Exercise instructions:
Below are records with pictures; copy word for word only the lines between the line with "Střecha další z" and the line with "下圖為聯(lián)合國(g", inclusive, and drop the pictures.

Supplied material Start Marker

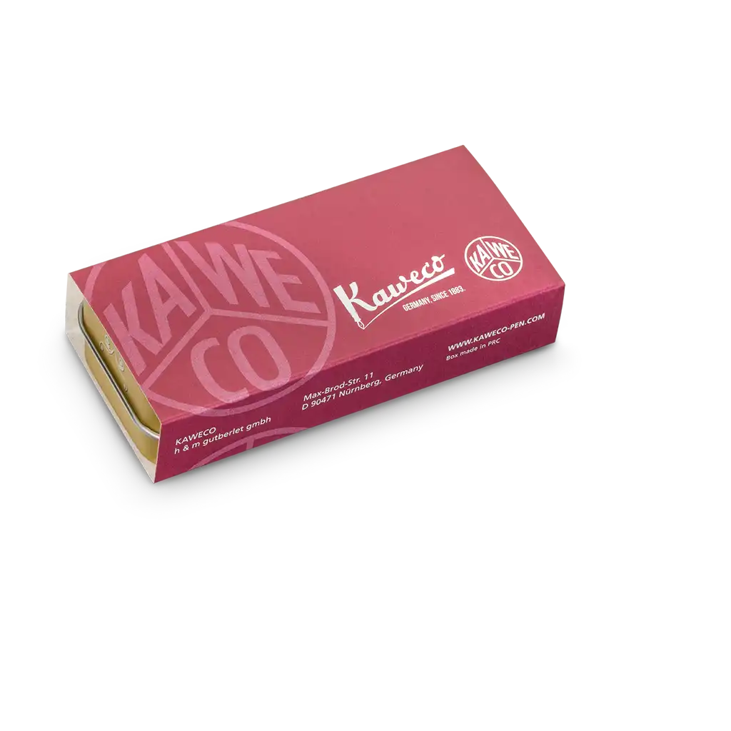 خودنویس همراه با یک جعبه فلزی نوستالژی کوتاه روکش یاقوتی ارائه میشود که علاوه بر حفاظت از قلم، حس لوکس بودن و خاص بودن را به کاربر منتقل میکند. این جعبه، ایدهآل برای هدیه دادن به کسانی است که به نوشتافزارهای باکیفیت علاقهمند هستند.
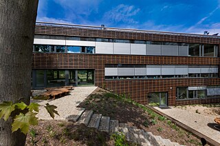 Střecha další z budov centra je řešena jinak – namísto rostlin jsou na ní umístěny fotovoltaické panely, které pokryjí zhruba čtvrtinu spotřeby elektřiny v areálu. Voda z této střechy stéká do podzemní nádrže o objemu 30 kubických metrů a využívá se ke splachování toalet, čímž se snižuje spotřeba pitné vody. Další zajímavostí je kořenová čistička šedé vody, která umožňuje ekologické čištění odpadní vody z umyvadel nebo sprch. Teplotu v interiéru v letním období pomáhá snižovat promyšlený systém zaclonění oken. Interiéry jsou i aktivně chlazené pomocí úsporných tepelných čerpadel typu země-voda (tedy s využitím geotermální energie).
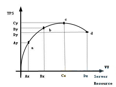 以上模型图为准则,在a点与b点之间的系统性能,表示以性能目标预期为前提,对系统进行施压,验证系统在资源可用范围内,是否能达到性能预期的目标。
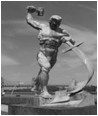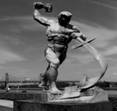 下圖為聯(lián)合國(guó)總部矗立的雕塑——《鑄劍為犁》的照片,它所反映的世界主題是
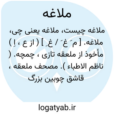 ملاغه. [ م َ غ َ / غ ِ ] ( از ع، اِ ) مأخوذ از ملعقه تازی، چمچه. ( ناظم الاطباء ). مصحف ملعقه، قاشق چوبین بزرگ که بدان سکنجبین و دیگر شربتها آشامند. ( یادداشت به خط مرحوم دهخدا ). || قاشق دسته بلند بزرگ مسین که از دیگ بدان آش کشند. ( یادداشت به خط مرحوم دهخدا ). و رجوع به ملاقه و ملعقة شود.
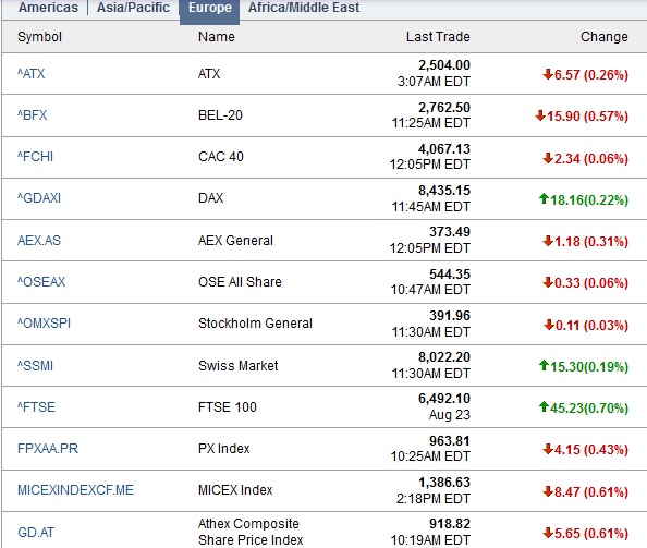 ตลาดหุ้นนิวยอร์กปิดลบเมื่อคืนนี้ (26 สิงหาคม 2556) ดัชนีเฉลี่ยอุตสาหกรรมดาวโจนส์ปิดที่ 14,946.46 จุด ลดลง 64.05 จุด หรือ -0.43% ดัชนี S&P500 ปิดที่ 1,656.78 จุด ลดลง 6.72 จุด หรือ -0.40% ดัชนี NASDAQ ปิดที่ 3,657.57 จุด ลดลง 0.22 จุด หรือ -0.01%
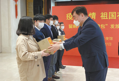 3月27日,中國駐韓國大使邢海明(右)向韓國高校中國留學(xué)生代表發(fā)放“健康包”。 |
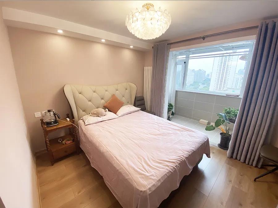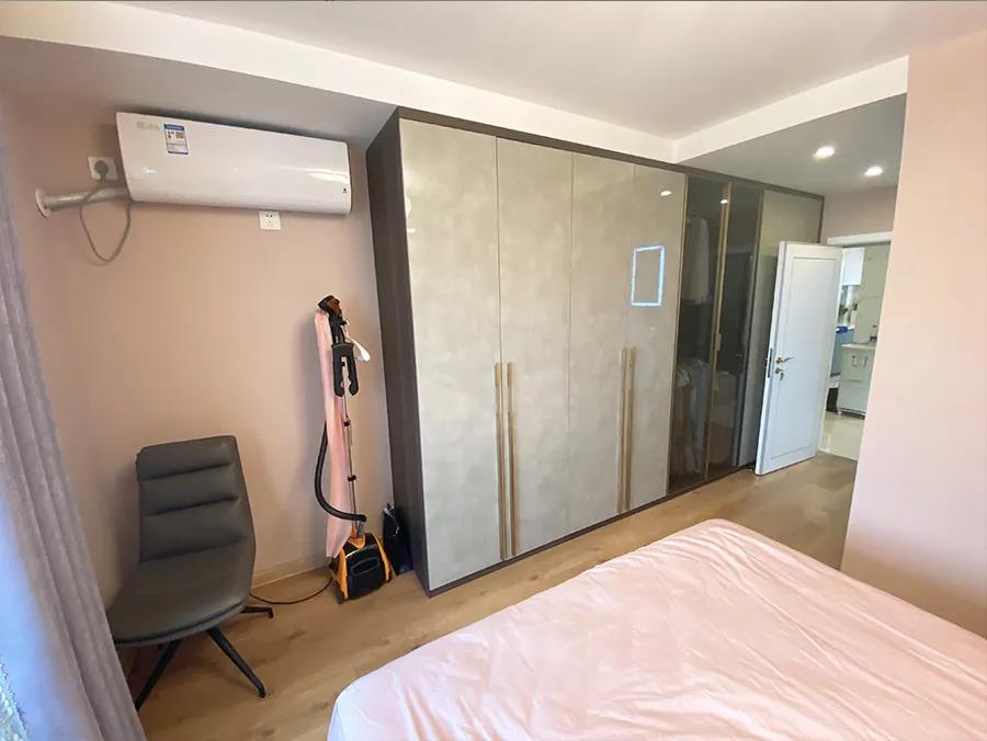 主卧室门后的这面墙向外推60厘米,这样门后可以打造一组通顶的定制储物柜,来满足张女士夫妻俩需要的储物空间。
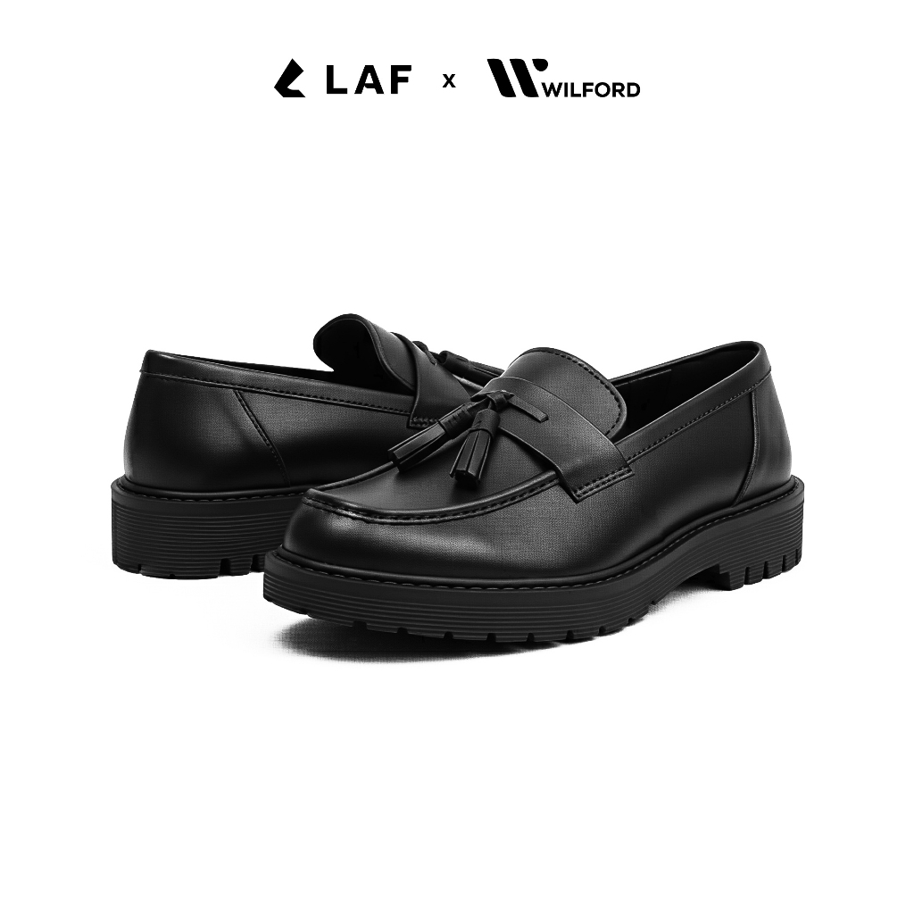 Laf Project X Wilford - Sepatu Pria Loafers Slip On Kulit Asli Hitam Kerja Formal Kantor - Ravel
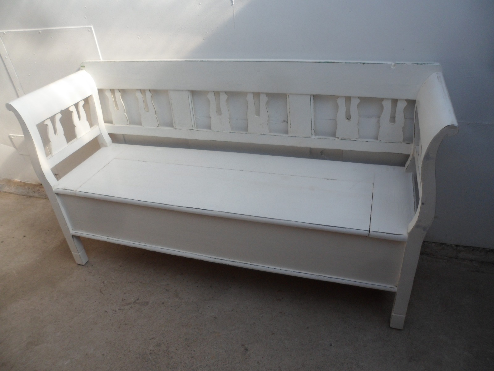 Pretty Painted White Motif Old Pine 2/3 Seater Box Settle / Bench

Supplied material End Marker

Response below:
 Střecha další z budov centra je řešena jinak – namísto rostlin jsou na ní umístěny fotovoltaické panely, které pokryjí zhruba čtvrtinu spotřeby elektřiny v areálu. Voda z této střechy stéká do podzemní nádrže o objemu 30 kubických metrů a využívá se ke splachování toalet, čímž se snižuje spotřeba pitné vody. Další zajímavostí je kořenová čistička šedé vody, která umožňuje ekologické čištění odpadní vody z umyvadel nebo sprch. Teplotu v interiéru v letním období pomáhá snižovat promyšlený systém zaclonění oken. Interiéry jsou i aktivně chlazené pomocí úsporných tepelných čerpadel typu země-voda (tedy s využitím geotermální energie).
 以上模型图为准则,在a点与b点之间的系统性能,表示以性能目标预期为前提,对系统进行施压,验证系统在资源可用范围内,是否能达到性能预期的目标。
 下圖為聯(lián)合國(guó)總部矗立的雕塑——《鑄劍為犁》的照片,它所反映的世界主題是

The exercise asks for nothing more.